A QR Code and a House Half-Built

India

A QR Code and a House Half-Built

In Jagiroad, about 86 kilometres from Guwahati, deeper into Assam in India’s Northeast—often described as the country’s eastern frontier, Anupama Medhi, 42, arrives before the weekly market has fully found its voice. The day begins the way it always does: she and her husband go first to the mandi (a wholesale produce market), buy vegetables in bulk, and then sell them piece by piece to people who measure the week’s budget as carefully as they measure coriander. By the time the first customers drift in, her stall is already arranged with the precision of habit—okra stacked like small green promises, tomatoes turned to show their best side, coriander tied into neat bundles. Her stall is small, but her arithmetic is not. When you ask about payments, she doesn’t answer right away. She reaches into her bag and pulls out a printed QR code, slightly curled at the edges now from being handled, shown, tucked away, shown again. Cash is still common here, she says, because the ecosystem around her is still cash.

But she keeps the QR visible because choice matters. Some buyers want the speed of digital; some want the familiarity of notes in the hand. She has learned to live in both worlds at once, one foot planted in what works today, the other testing what might work tomorrow. “Both options,” she says, holding it up like a menu: cash for those who want cash, digital for those who can. The gesture is simple, almost casual, but it carries the weight of a place in transition, one economy still speaking cash, another arriving in pixels.

She doesn’t talk about digital payments as a trend. She talks about them the way you talk about a tool that has quietly changed your fate. The house she is building, nearly ₹8 lakh (USD ~9.6k) already spent, with only 5–10% left, she estimates, feels possible largely because more money has been flowing straight into an account when customers pay by QR. Digital receipts make her savings feel “real”: accounted for, easier to track, harder to leak away in the shuffle of a cash day.

Cash still dominates around her, and she won’t pretend otherwise. Many buyers still pay in notes because that’s what the local ecosystem runs on. But when she can choose, she prefers the certainty of the deposit—the quiet discipline of money that lands where it should. She wants to move further toward digital, slowly, as the people and systems around her catch up, because she has seen what it can do: not just speed up a transaction, but build a future one verified payment at a time.

The gap is small on paper and vast in lived reality.

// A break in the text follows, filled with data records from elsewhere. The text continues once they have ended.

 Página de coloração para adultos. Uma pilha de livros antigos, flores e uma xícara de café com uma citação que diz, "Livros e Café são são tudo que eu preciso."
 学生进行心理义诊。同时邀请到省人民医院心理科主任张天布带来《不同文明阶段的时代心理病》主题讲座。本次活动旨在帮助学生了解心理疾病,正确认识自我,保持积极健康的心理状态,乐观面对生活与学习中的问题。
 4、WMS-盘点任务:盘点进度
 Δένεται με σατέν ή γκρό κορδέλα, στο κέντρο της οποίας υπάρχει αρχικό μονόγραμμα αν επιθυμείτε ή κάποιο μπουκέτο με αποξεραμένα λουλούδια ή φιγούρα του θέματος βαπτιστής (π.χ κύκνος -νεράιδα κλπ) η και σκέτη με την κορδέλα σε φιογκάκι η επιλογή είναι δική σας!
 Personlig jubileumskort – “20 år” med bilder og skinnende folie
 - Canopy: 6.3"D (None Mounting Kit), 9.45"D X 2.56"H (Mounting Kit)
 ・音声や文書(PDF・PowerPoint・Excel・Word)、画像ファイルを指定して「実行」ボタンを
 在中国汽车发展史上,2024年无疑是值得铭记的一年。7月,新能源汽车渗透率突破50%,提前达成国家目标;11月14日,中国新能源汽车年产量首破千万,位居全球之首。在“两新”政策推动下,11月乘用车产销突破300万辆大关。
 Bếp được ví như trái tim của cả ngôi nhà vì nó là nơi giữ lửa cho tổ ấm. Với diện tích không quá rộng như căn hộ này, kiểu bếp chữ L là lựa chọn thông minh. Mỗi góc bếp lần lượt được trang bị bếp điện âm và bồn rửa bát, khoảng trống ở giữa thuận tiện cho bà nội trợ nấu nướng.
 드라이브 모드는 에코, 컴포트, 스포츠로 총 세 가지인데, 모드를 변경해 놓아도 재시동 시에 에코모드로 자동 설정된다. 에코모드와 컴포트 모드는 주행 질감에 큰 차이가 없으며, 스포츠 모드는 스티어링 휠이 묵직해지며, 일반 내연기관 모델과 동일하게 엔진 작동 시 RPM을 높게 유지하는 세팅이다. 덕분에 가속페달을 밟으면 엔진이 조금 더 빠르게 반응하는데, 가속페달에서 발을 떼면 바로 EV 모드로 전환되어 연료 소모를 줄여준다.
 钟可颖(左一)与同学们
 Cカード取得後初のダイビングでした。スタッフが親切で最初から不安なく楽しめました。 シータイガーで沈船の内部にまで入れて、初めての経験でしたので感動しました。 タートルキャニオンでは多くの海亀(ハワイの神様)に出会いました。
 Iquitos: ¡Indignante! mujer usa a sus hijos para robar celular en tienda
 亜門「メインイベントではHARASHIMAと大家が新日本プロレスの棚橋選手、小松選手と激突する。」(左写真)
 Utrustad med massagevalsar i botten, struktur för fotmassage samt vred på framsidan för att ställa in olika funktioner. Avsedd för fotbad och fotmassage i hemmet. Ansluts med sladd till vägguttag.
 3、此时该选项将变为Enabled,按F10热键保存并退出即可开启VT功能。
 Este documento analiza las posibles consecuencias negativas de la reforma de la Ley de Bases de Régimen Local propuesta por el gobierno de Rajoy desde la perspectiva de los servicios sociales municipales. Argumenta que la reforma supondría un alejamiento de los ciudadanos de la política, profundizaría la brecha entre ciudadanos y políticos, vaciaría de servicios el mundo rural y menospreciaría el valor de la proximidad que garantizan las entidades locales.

Assam shows strong signals of financial access—many women report having a bank account they themselves use, yet independent device access is weaker, with fewer women reporting a phone they themselves use. And even when money arrives digitally, the controls are not fully hers. She has an account in her name and says it makes her feel secure, proof that she is inside the formal system. But she isn’t digitally literate enough to manage transactions confidently; checking balances, navigating steps on a phone, cashing out, much of it is still handled by her husband. She says it plainly: if she knew it more, she would be able to save more.

That’s the real pivot point. India has expanded access at scale, and it shows. But active, confident usage, especially independent usage, still trails. Anupama’s market stall becomes a microcosm of the Northeast’s cash–digital dichotomy: infrastructure arriving faster than confidence, access arriving faster than control. The Alliance’s work in Assam exists for this exact moment, not to celebrate digitisation as an end in itself, but to make digital payments usable, trusted, and genuinely within reach for people who are already doing the hardest part: earning, saving, and building a life one market day at a time.